When you copy the data, keep every word exactly as it is and leave the pictures out.

_AVAILABLE DATA_:
◆ ◆ ◆ ◆ ◆ ◆ ◆

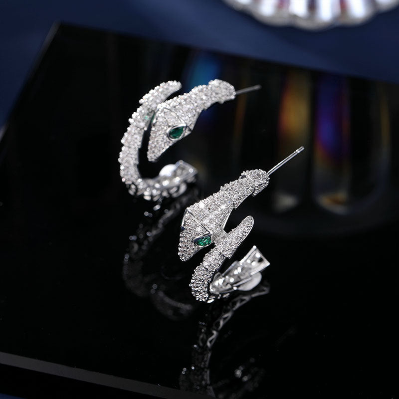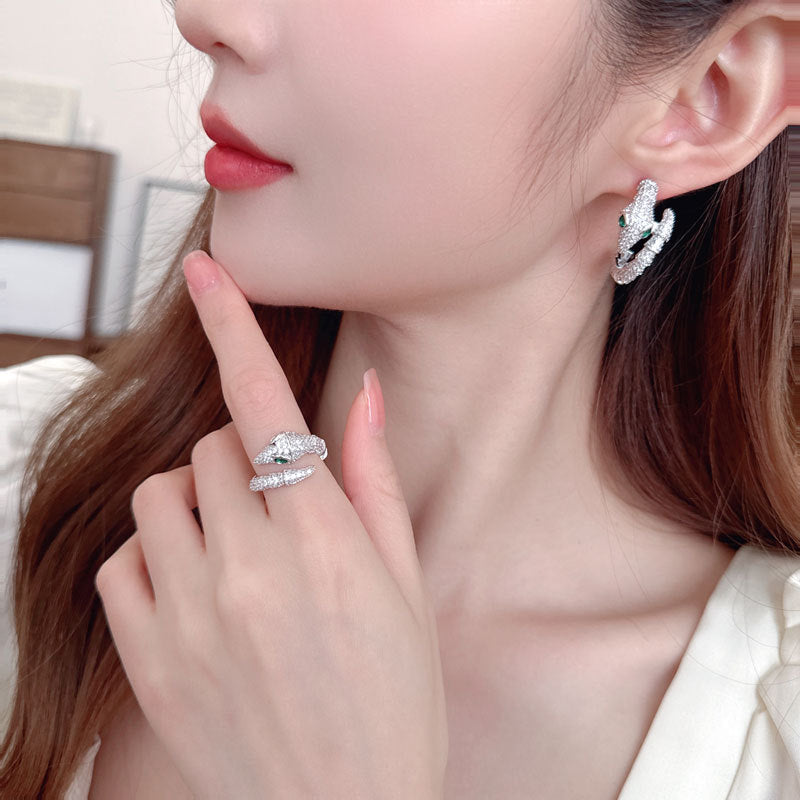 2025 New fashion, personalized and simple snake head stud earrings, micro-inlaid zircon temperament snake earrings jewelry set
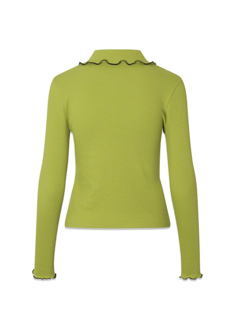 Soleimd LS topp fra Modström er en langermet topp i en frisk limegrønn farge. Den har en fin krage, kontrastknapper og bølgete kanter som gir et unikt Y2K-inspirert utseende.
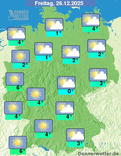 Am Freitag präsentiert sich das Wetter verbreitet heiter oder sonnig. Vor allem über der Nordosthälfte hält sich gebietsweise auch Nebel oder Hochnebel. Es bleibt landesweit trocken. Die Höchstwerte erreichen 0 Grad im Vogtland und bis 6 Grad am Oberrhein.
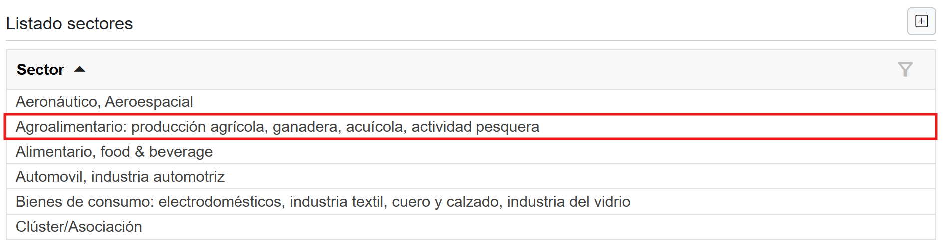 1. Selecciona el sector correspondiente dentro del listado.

◆ ◆ ◆ ◆ ◆ ◆ ◆

_TASK RESPONSE_:
 2025 New fashion, personalized and simple snake head stud earrings, micro-inlaid zircon temperament snake earrings jewelry set
 Soleimd LS topp fra Modström er en langermet topp i en frisk limegrønn farge. Den har en fin krage, kontrastknapper og bølgete kanter som gir et unikt Y2K-inspirert utseende.
 Am Freitag präsentiert sich das Wetter verbreitet heiter oder sonnig. Vor allem über der Nordosthälfte hält sich gebietsweise auch Nebel oder Hochnebel. Es bleibt landesweit trocken. Die Höchstwerte erreichen 0 Grad im Vogtland und bis 6 Grad am Oberrhein.
 1. Selecciona el sector correspondiente dentro del listado.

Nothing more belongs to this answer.